After finding facts based on the evidence, the court below acknowledged the following facts. Although the forest of this case was not designated and publicly announced as a restricted site for changing the form and quality of the forest under the provisions of Article 91-4 of the Enforcement Decree of the Forestry Act, the forest of this case was composed of mixed effication and effication in the area where the forest of this case is located, and it seems necessary to change the form and quality of the forest of this case as well as to create the factory site like the plaintiff's application. The forest of this case plays an important role in providing the natural environment of the people who reside in the neighboring residential area as well as neighboring residential area with the natural park of 4-lane road, and it seems that there is no need for the permission of changing the form and quality of the forest of this case to preserve the natural landscape of the forest of this case as its original condition, and there is no need for the permission of changing the form and quality of the forest of this case to permit the use of the forest of this case as well as the forest of this case to use the forest of this case to maintain the land and natural environment.

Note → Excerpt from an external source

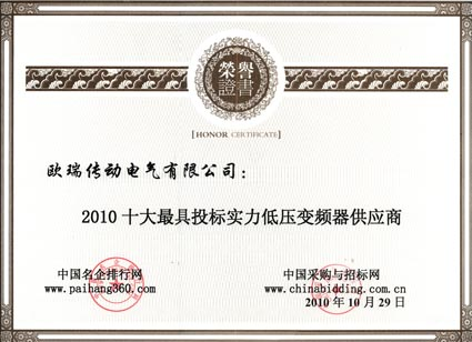 歐瑞傳動(dòng)獲“2010十大最具投標(biāo)實(shí)力低壓變頻器供應(yīng)商”稱號(hào)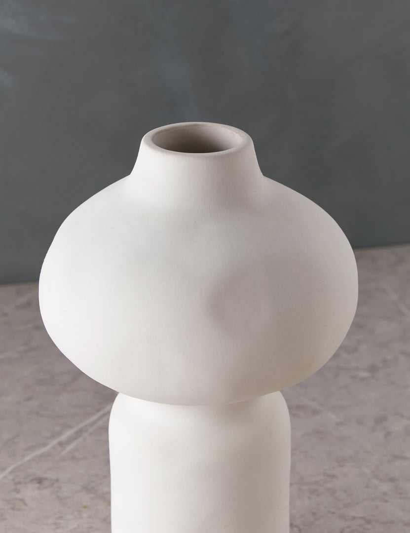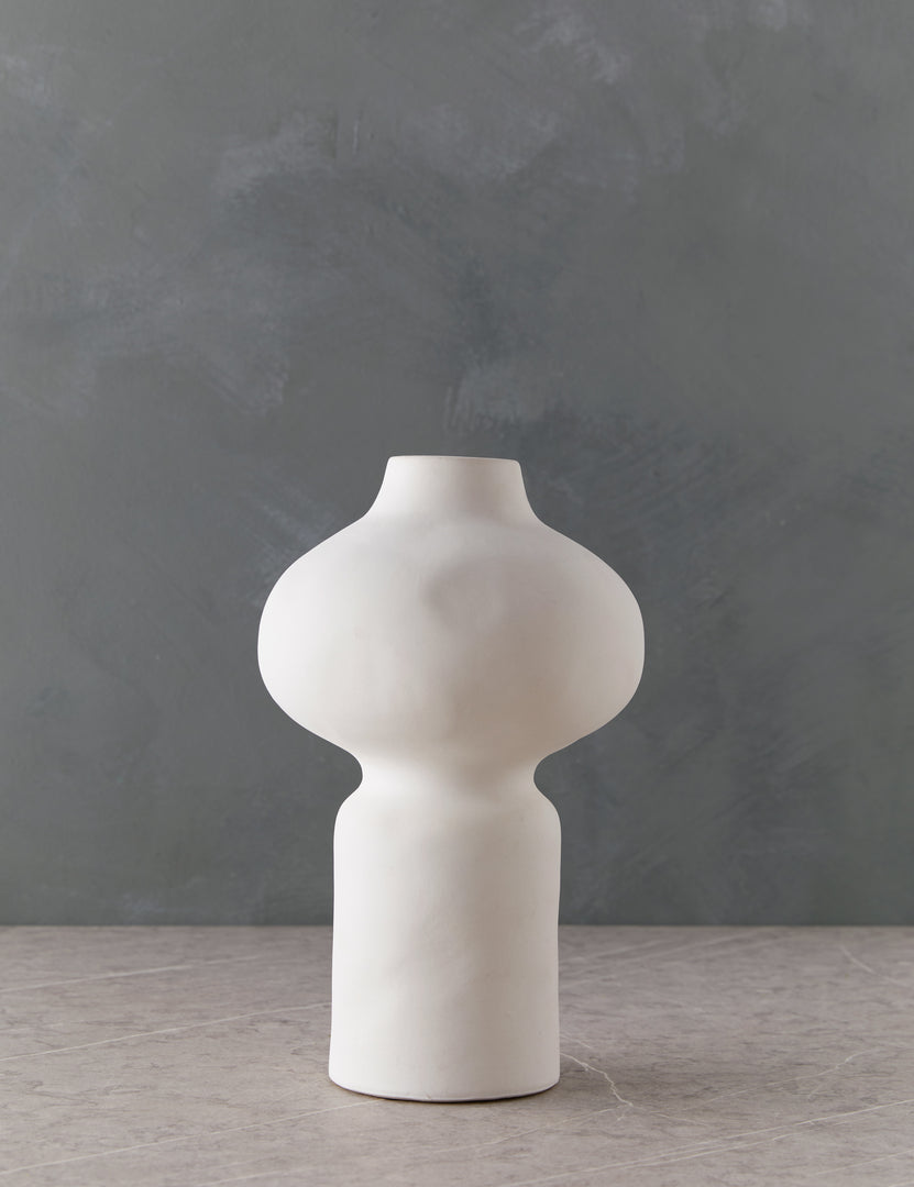 Add a touch of drama to your tabletop with the shapely silhouette of our Kareem vase. Whether filled with a fresh floral bouquet or adding sculptural appeal to your console, this vase is a subtle stunner. The white finish offers a versatile fit for transitional and modern decor.

In general, in administrative legal relations, in order to apply the principle of protecting trust to the acts of administrative agencies, first, the administrative agency should name the public opinion that is the object of trust to the individual, second, the administrative agency should have no reason attributable to the individual when the statement of opinion is well-grounded, third, the individual should have trusted the name of opinion and have committed any act corresponding thereto, third, the administrative agency should have made a disposition contrary to the above opinion statement, and fourth, the administrative agency should have made a disposition contrary to the above opinion statement, thereby infringing on the interests of the individual who trusted the opinion statement. Lastly, when taking an administrative disposition in accordance with the above opinion statement, it should not be likely to seriously undermine the public interest or the legitimate interests of a third party. Accordingly, there is no evidence that the court below did not apply the principle of protecting trust to the same purport, and there is no error in the misapprehension of legal principles as to the principle of protecting trust and trust as otherwise alleged in the ground for appeal.

Therefore, the appeal is dismissed and the costs of appeal are assessed against the plaintiff who is the losing party. It is so decided as per Disposition by the assent of all participating Justices.